Attorneys specializing in the Employee Retirement Income Security Act and environmental, social, and governance issues said though the lawsuit appears to be the first of its kind, it’s unlikely to spur a new breed of climate-based ERISA litigation.

“Once you get past the broad statements in the complaint and more into the substantive allegations, what this really seems to boil down to is your run-of-the-mill ERISA case where they’re complaining about underperformance and excessive fees,” said Amy Roy, a partner at Ropes & Gray LLP.

The lawsuit is the latest wrinkle in an evolving legal and regulatory landscape for employers around the role of ESG in retirement plans.

Plan sponsors are waiting on President Donald Trump’s Labor Department to rewrite a Biden administration rule that allowed plans to consider ESG factors as tiebreakers when choosing between investment options.

Kimberly Blake, an attorney at ClientEarth USA, one of the groups representing the plaintiffs, said in a statement climate risk is an economic issue and that one “cannot claim to be a prudent fiduciary while ignoring the biggest systemic threat to the global economy.”

Kvek alleged in her March 3 complaint, filed in the US District Court for the Western District of Washington, that the company “exposed employee retirement savings to significant, unreasonable climate-related financial risk—apparently failing to employ any climate risk management strategy at all.”

Potential Roadblocks

The challenge of proving Article III standing to sue Cushman & Wakefield could sink the suit before the merits stage.

Kent Mason, a partner at Davis & Harman LLP who represents retirement plan fiduciaries, said the complaint fell short of showing plan participants were harmed. It does not support the claim that the plan managers did not take climate risks into account, nor does it prove that alleged failure led to lower returns, he said.

The suit would need to either show there has been harm to the plan, or the likelihood of imminent harm because climate risk caused foreseeable losses for investments in the fund, Mason said.

The fund’s prospectus and statement of additional information do not contain references to ignoring climate risk or other investment-related risks, according to Roy.

She said plaintiffs would likely need to establish that if the fund had adequately assessed climate risk, it would have performed better. That will be difficult to show, Roy said, but “courts give a fair amount of leeway at the early pleading stages.”

The complaint did not include future projections of how climate might affect the performance of the fund. Some studies have found climate poses long-term risks for retirement investments, though shifts to climate-friendly investments have also not been risk-free.

There’s also uncertainty over whether the complaint includes a “meaningful benchmark” for the claims of underperformance, as courts have required under ERISA.

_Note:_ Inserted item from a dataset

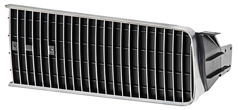 OER reproduction of the LH driver side 1968 Charger headlamp door assembly. Each door is manufactured in a high pressure injection molding process just like the factory Mopar item. Injection molded in black, each door is masked and sprayed with the correct shade of Argent Silver in the appropriate accent areas. Each door comes with hardware for installation on the grill extension for your convenience.

The lawsuit compares the performance of the Westwood Quality Small Cap Fund to that of the Russell 3000 Index. But the former is an actively managed fund, while the latter is an index fund, making it a potentially difficult comparison.

“Had the Westwood Fund’s peers likewise also outperformed or charged lower fees than the Westwood Fund, I assume the plaintiffs would have included that peer set in their allegations,” Roy said.

Federal appeals courts, including the Ninth Circuit that covers Washington, require a comparator that’s sufficiently similar to the fund or fee structure being challenged in order to show an investment was imprudent and violated a plan sponsor’s fiduciary duties.

The US solicitor general recently warned that meaningful benchmarks under ERISA should not be based on conclusory comparisons to market index composites.

The US Supreme Court will hear a case this fall from Intel Corp. workers that also deals with the standard’s application.

Cushman’s Approach

A Cushman & Wakefield spokesperson in an emailed statement called the climate lawsuit a “variation on widely asserted legal theories.”

“We have thoughtful processes in place that are designed to give our plan participants a variety of prudent investment options,” the statement said.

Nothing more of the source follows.